Tom Sawyer is one of the most famous and ubiquitous characters in American literature. There is something so universal in Mark Twain's depictions of Tom's various adventures that other writers have incorporated him into their own works, not unlike the appearance of Sir Arthur Conan Doyle's Sherlock Holmes in an assortment of prequels and sequels written by various admirers.
Twain not only knew how to tell a good tale, but he did it with such a magnanimous sense of humor that his messages are irresistable, making this adaptation the perfect choice for the Denver Center Theatre Company's renewal of its "middle school" series.
Director Jane Page and her talented craftspeople handle the challenges of staging this in-the-round of the Space Theatre as if it were the most natural venue, with the close quarters creating an intimacy unlike anything available under a proscenium.
The adult actors have a ball playing kids, bringing a dimension of caricature (and subtlety) that is generally absent in young actors. With a twinkle in his eye and a dash of sass, Stanton Nash shows us why Twain so loved Tom, just as cute-as-a-button, effervescent Caitlin Wise shows why Tom so loved Becky Thatcher. Blake Lowell's quirky Huck Finn stands ready to carry out any dare with a bravado that presages another Twain masterpiece just down the road from this one.
|Stanton Nash as Tom Sawyer|
and Caitlin Wise as Becky Thatcher
Photo: Terry Shapiro
Page challenges our sense of the characters' archetypal hair coloring, with Becky a redhead and Huck with hair as dark as night, but Tom remains a brunette. Twain the iconoclast (a redhead in his youth) likely would have enjoyed seeing Becky (whose courtship bears a strong resemblance to that of Twain and his wife, Olivia, a brunette) as something other than the flaxen-haired girl in the tale (though the pig-tails are a must!), or even Huck, without his trademark wheat silk locks waving every which way in the wind.

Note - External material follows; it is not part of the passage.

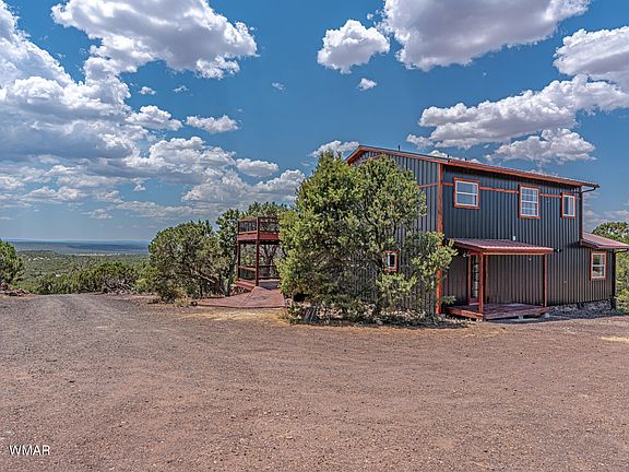 Huge Price Drop! Motivated seller! Bring all offers! Welcome to your Off-Grid Dream Home an easy 25 minutes from Show Low. This Unique Cabin is more than just a home, it's a lifestyle. If you're looking to escape the hustle & bustle of city life or create a Personal Sanctuary, this Fully Sustainable Off-Grid dream home is yours. Experience the perfect blend of modern convenience & rustic charm in this beautifully remodeled cabin. Every inch of this cabin has been thoughtfully renovated. All-new LED lighting, durable FIRE RESISTANT new metal roof, & metal siding. The spacious new deck, perfect for outdoor entertaining & watching the birds soar & storm clouds roll in. Interior walls are beautiful beetle wood, adding to the home's unique character. The new Primary bedroom & bath are on the first floor. Fully fenced & gated, Solar and Private Well. The home sits on a generous 5.1-acre lot, offering plenty of space for gardening and outdoor activities. A large detached workshop/garage offers ample space for hobbies, storage, and projects. The property also features a private well and a solar system designed to maximize sunlight from all angles, ensuring a fully sustainable, off-grid living experience. The entire property is fully fenced and gated, providing security and peace of mind. Enjoy the cool mountain air, the serenity of your surroundings, and the satisfaction of living in a sustainable, self-sufficient home.

Rachel Fowler flavors Aunt Polly's sternness with a pinch of bemusement and just the right measure of affection for her nephew, Tom. Drew Cortese paints the schoolmaster and the preacher in broad, dryly comical strokes, but his Injun Joe is downright scary!
Perfect. This is a young person's adventure story, you know, and the famous incidents keep popping up one after another: Tom getting the other kids to whitewash the fence for him; falling in love for the first time; witnessing a murder in the cemetary at midnight; digging for buried treasure; running away and crossing the Mississippi on a raft; and getting lost in a cave along the river, which inadvertently leads to the karmic demise of the killer.
|(Back to front) Blake Lowell as Huckleberry Finn,|
Nick Abeel as Joe Harper,
and Stanton Nash as Tom Sawyer
Photo: Terry Shapiro
Vicki Smith's simple, yet effective, scenic design, and the effects which animate the transitory set pieces, inflate the imaginative atmosphere.
The Denver Center Theatre Company's production of Mark Twain's Tom Sawyer, adapted by Laura Eason, runs through December 18th. 303-893-4100 or www.denvercenter.org.